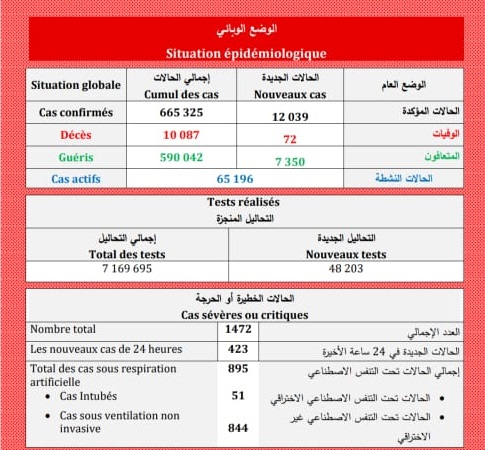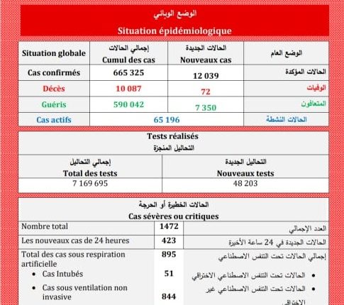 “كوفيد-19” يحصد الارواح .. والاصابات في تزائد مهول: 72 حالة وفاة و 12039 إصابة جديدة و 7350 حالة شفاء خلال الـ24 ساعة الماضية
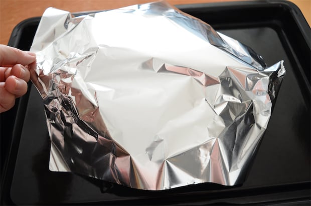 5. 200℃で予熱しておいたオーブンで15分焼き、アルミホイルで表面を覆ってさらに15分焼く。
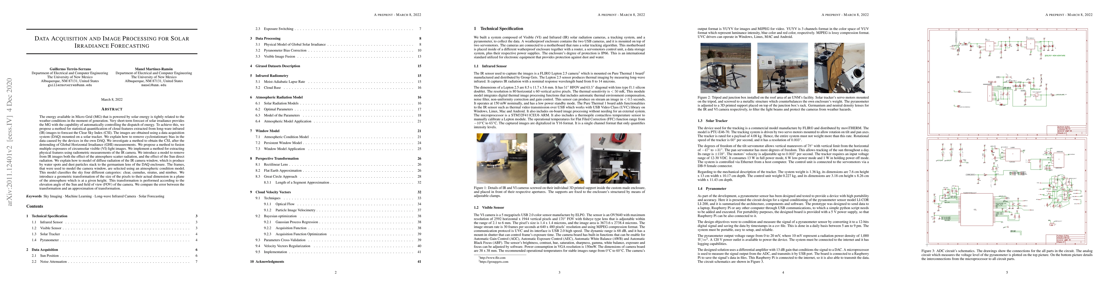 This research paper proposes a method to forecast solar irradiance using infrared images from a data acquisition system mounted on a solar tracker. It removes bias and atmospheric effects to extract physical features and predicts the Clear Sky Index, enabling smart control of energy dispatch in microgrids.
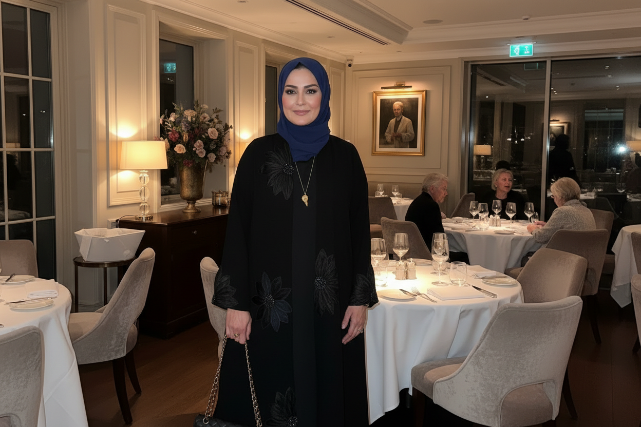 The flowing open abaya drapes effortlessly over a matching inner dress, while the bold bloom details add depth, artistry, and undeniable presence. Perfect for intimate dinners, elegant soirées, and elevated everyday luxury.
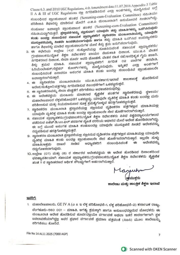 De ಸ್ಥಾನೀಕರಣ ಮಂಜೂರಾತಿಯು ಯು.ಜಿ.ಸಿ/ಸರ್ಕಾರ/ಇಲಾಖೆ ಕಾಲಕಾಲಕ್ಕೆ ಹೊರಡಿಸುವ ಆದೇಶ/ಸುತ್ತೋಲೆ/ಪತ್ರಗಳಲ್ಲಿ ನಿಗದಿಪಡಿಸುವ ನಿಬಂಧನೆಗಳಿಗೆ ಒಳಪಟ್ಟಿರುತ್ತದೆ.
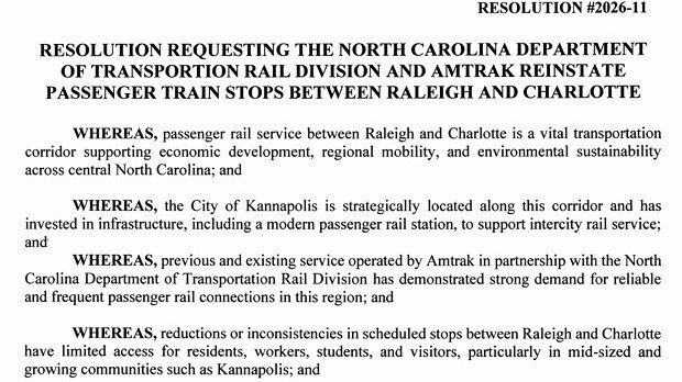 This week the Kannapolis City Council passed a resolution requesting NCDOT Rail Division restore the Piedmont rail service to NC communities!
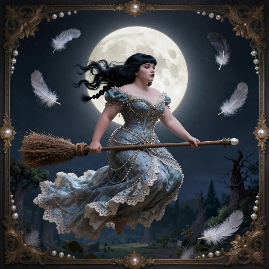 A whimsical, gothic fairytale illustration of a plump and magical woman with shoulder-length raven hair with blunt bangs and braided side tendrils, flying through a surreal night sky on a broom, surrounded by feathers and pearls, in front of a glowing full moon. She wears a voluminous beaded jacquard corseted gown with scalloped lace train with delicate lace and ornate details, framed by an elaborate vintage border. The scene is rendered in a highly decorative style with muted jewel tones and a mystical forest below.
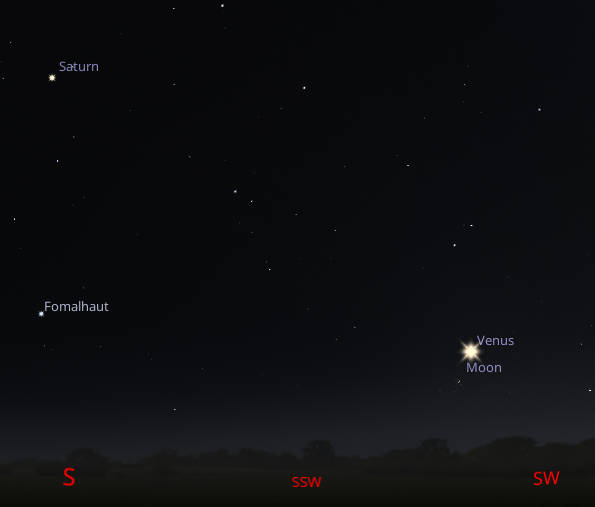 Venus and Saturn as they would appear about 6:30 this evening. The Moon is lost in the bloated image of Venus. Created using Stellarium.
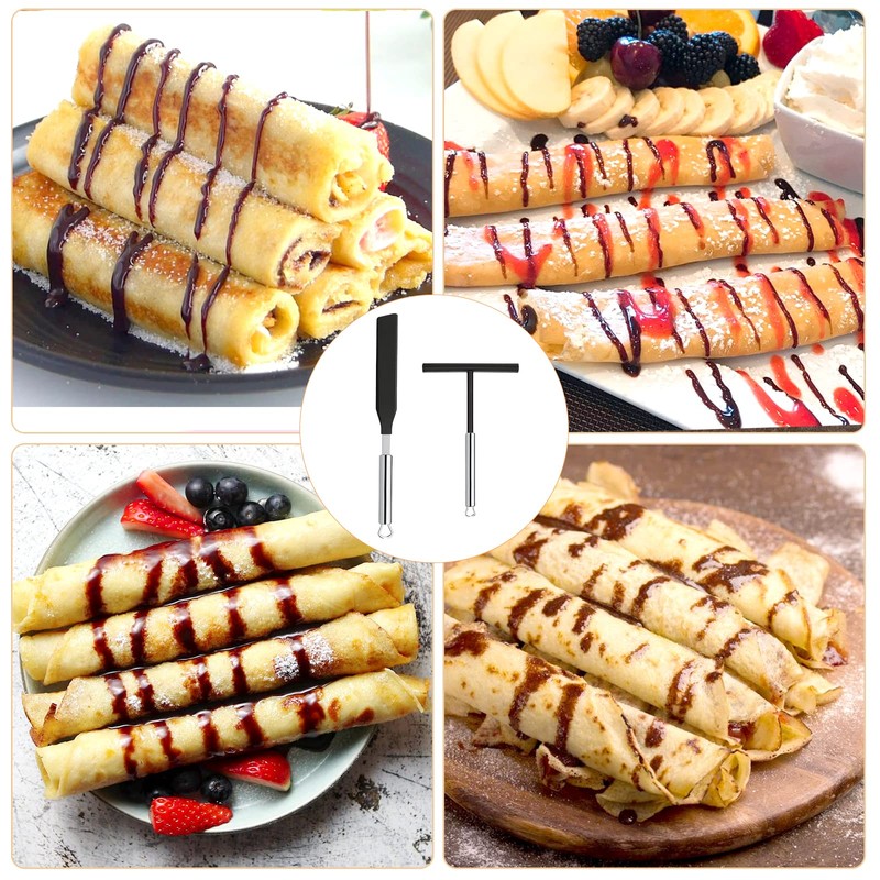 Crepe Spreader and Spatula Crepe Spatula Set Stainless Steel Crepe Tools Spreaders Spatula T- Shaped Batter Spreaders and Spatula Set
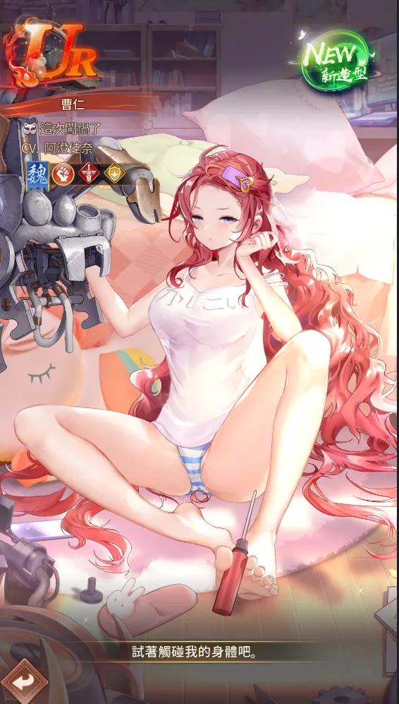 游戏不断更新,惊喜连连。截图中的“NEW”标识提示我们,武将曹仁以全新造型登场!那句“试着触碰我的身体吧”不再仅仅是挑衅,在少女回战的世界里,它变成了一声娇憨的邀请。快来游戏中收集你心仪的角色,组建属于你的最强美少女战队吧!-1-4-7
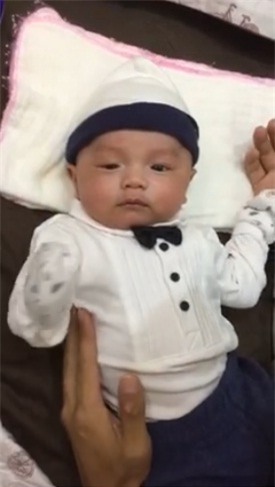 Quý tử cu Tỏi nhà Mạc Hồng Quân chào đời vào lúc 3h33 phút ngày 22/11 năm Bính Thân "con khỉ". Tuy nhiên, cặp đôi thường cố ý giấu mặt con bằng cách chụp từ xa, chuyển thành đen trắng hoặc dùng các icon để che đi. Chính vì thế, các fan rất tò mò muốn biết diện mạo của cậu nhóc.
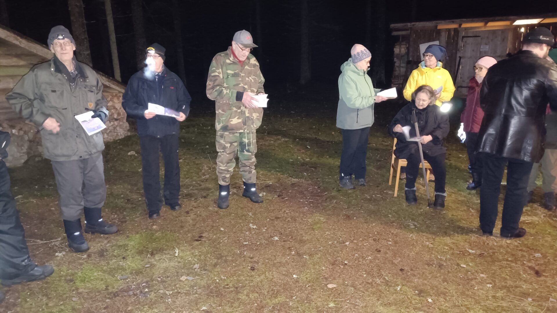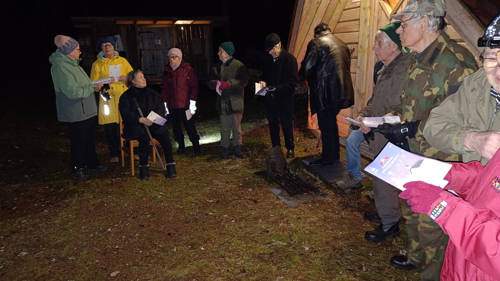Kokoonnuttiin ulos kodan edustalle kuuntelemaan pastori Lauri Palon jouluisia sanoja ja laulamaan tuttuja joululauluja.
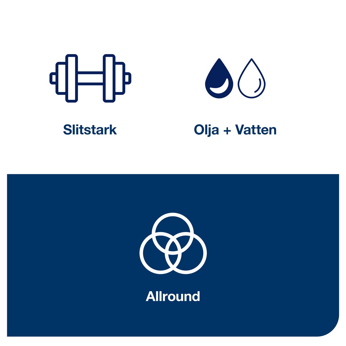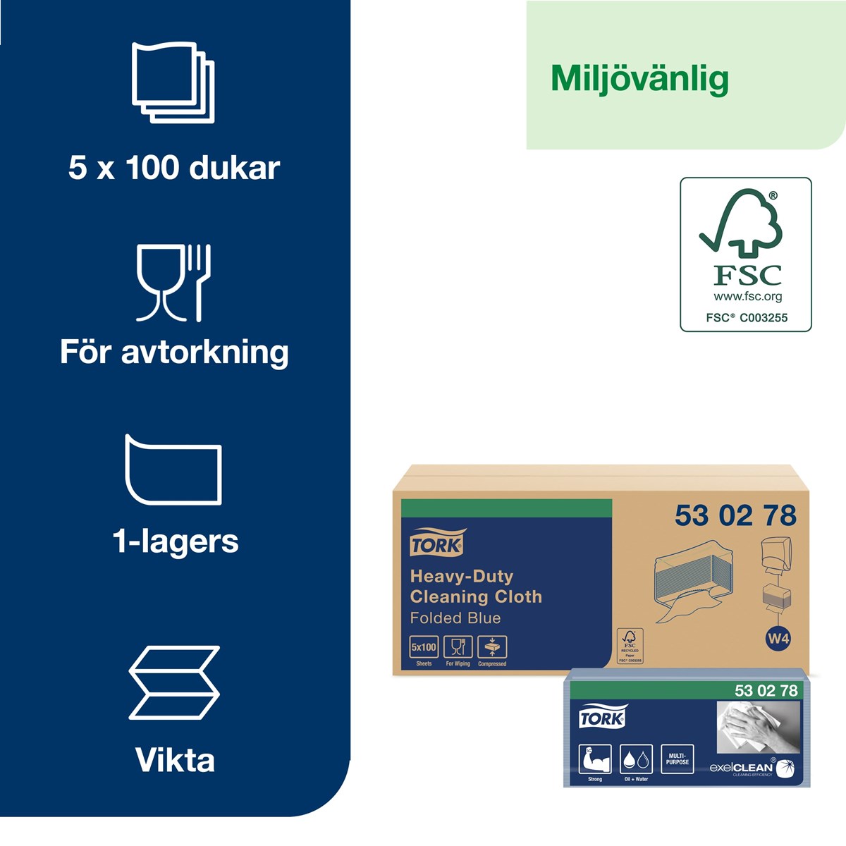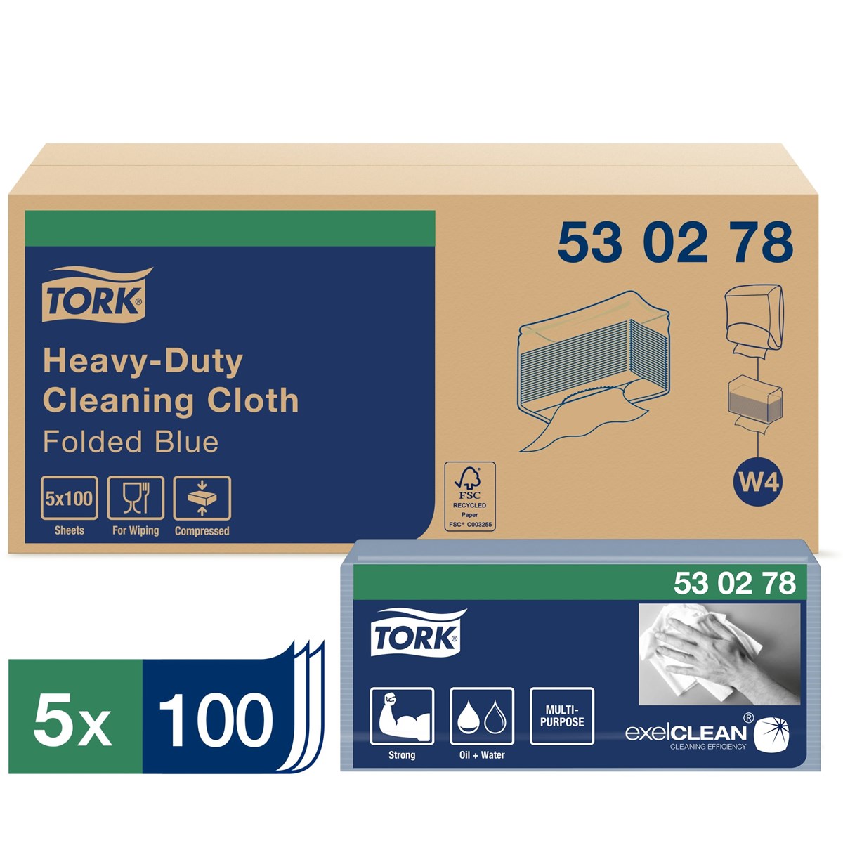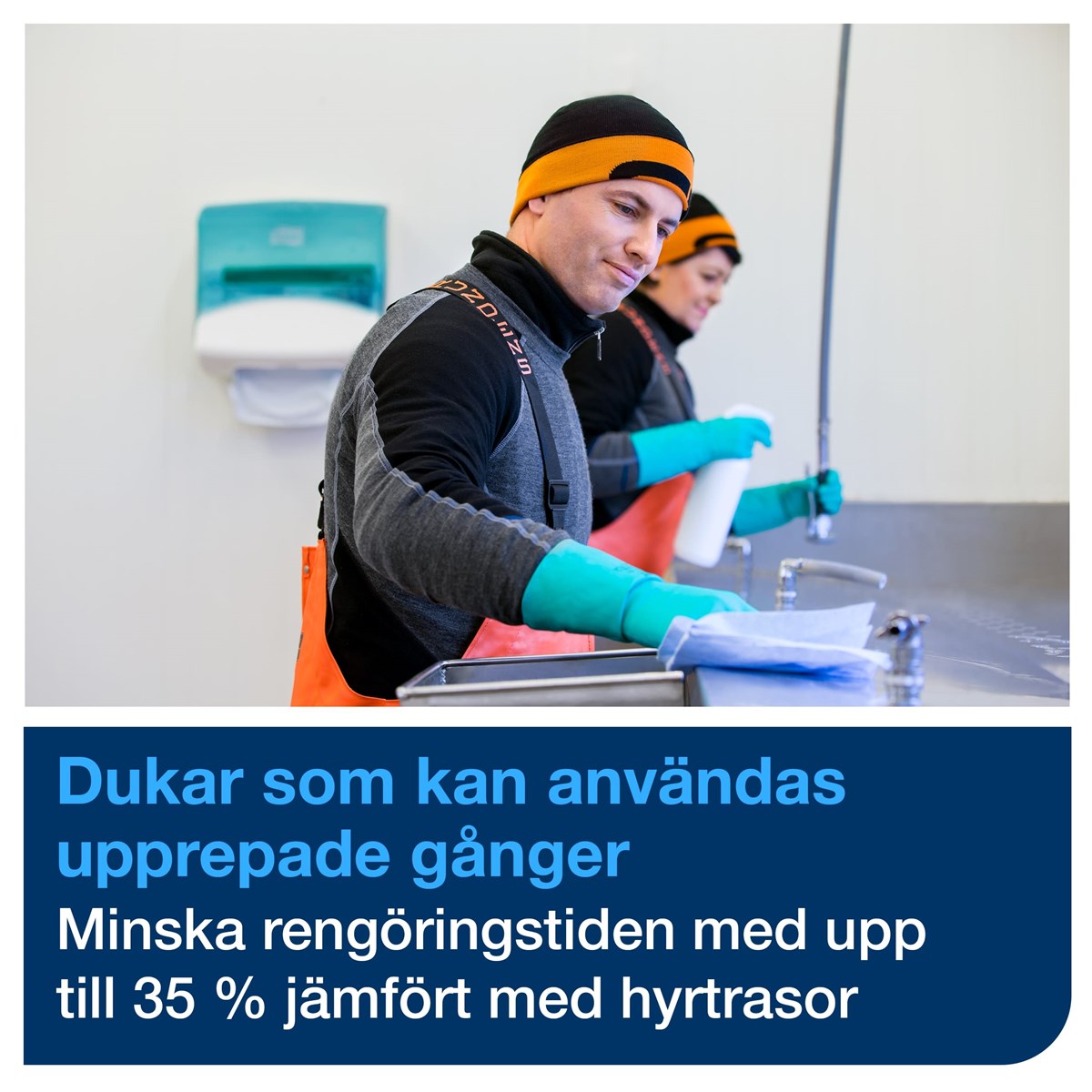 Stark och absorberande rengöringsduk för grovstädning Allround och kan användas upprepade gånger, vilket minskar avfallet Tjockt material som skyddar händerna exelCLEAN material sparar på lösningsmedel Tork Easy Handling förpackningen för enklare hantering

------------------------------

### What to produce
From the records above, transcribe exactly the lines starting at the one containing "This research paper" and ending at the one containing "Kokoonnuttiin ulos kodan". Skip the pictures.

### Completed task
 This research paper proposes a method to forecast solar irradiance using infrared images from a data acquisition system mounted on a solar tracker. It removes bias and atmospheric effects to extract physical features and predicts the Clear Sky Index, enabling smart control of energy dispatch in microgrids.
 The flowing open abaya drapes effortlessly over a matching inner dress, while the bold bloom details add depth, artistry, and undeniable presence. Perfect for intimate dinners, elegant soirées, and elevated everyday luxury.
 De ಸ್ಥಾನೀಕರಣ ಮಂಜೂರಾತಿಯು ಯು.ಜಿ.ಸಿ/ಸರ್ಕಾರ/ಇಲಾಖೆ ಕಾಲಕಾಲಕ್ಕೆ ಹೊರಡಿಸುವ ಆದೇಶ/ಸುತ್ತೋಲೆ/ಪತ್ರಗಳಲ್ಲಿ ನಿಗದಿಪಡಿಸುವ ನಿಬಂಧನೆಗಳಿಗೆ ಒಳಪಟ್ಟಿರುತ್ತದೆ.
 This week the Kannapolis City Council passed a resolution requesting NCDOT Rail Division restore the Piedmont rail service to NC communities!
 A whimsical, gothic fairytale illustration of a plump and magical woman with shoulder-length raven hair with blunt bangs and braided side tendrils, flying through a surreal night sky on a broom, surrounded by feathers and pearls, in front of a glowing full moon. She wears a voluminous beaded jacquard corseted gown with scalloped lace train with delicate lace and ornate details, framed by an elaborate vintage border. The scene is rendered in a highly decorative style with muted jewel tones and a mystical forest below.
 Venus and Saturn as they would appear about 6:30 this evening. The Moon is lost in the bloated image of Venus. Created using Stellarium.
 Crepe Spreader and Spatula Crepe Spatula Set Stainless Steel Crepe Tools Spreaders Spatula T- Shaped Batter Spreaders and Spatula Set
 游戏不断更新,惊喜连连。截图中的“NEW”标识提示我们,武将曹仁以全新造型登场!那句“试着触碰我的身体吧”不再仅仅是挑衅,在少女回战的世界里,它变成了一声娇憨的邀请。快来游戏中收集你心仪的角色,组建属于你的最强美少女战队吧!-1-4-7
 Quý tử cu Tỏi nhà Mạc Hồng Quân chào đời vào lúc 3h33 phút ngày 22/11 năm Bính Thân "con khỉ". Tuy nhiên, cặp đôi thường cố ý giấu mặt con bằng cách chụp từ xa, chuyển thành đen trắng hoặc dùng các icon để che đi. Chính vì thế, các fan rất tò mò muốn biết diện mạo của cậu nhóc.
Kokoonnuttiin ulos kodan edustalle kuuntelemaan pastori Lauri Palon jouluisia sanoja ja laulamaan tuttuja joululauluja.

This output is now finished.